TASK ITEM: Please copy the listing that follows exactly, leaving out any pictures.

DATASET CONTENT:
╭──

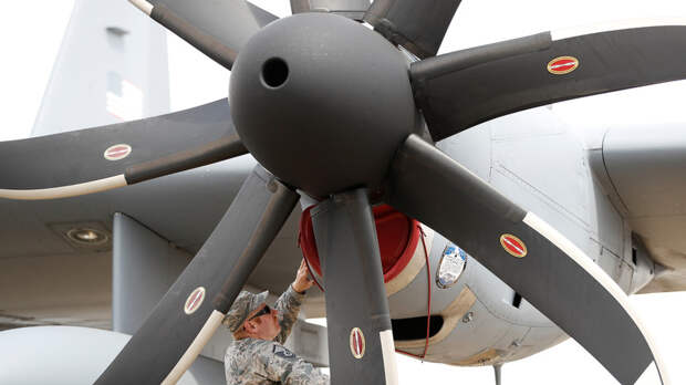 Военно-транспортный самолёт ВВС США C-130 Hercules совершил аварийную посадку в аэропорту Одессы из-за отказа двигателя.
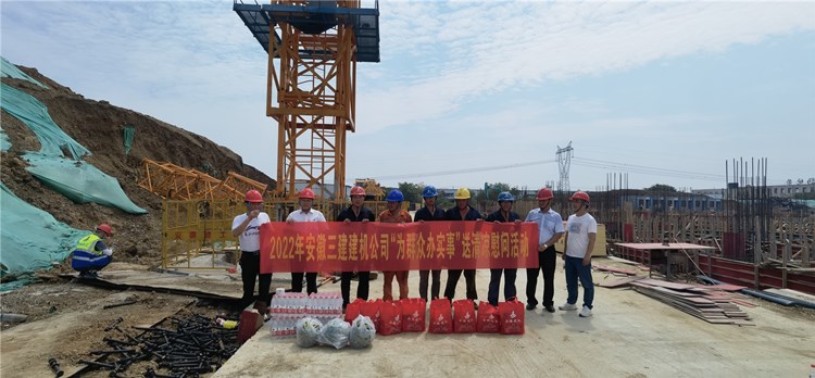 8月3日,驕陽似火,熱風撲面,建機公司黨總支書記李朝進一行赴長豐縣吳山鎮第二工業社區項目部開展“送清涼”慰問活動,為項目部一線職工發放毛巾、香皂、人丹、清涼油、風油精、飲料、礦泉水等防暑降溫物資。分公司有關部門負責人參加慰問活動。
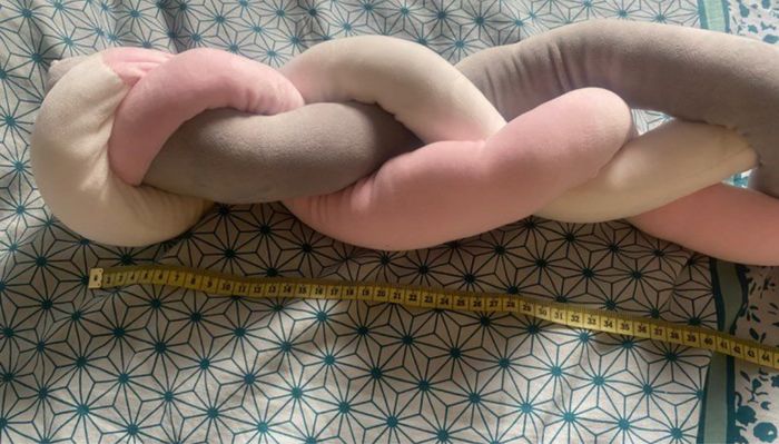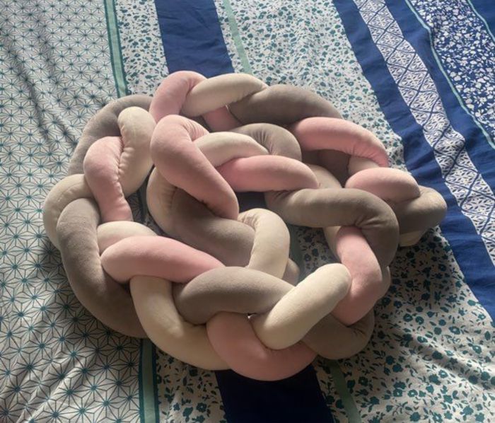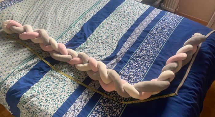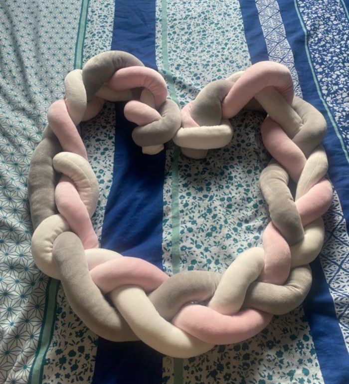 Tresse de lit bébé neuve jamais utilisé. Elle a été lavé en préparation de la chambre de bébé qui avait été annoncé comme une fille et finalement c’est un petit garçon. Elle est rose, grise et blanche. Mesure 2m.
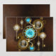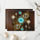 Turcitylinser med en antik klocka med släpredskap och gyllene nycklar på rostfri, brun bakgrund. Steampunk stil.

╰──

OUTPUT FOR THIS TASK:
 Военно-транспортный самолёт ВВС США C-130 Hercules совершил аварийную посадку в аэропорту Одессы из-за отказа двигателя.
 8月3日,驕陽似火,熱風撲面,建機公司黨總支書記李朝進一行赴長豐縣吳山鎮第二工業社區項目部開展“送清涼”慰問活動,為項目部一線職工發放毛巾、香皂、人丹、清涼油、風油精、飲料、礦泉水等防暑降溫物資。分公司有關部門負責人參加慰問活動。
 Tresse de lit bébé neuve jamais utilisé. Elle a été lavé en préparation de la chambre de bébé qui avait été annoncé comme une fille et finalement c’est un petit garçon. Elle est rose, grise et blanche. Mesure 2m.
 Turcitylinser med en antik klocka med släpredskap och gyllene nycklar på rostfri, brun bakgrund. Steampunk stil.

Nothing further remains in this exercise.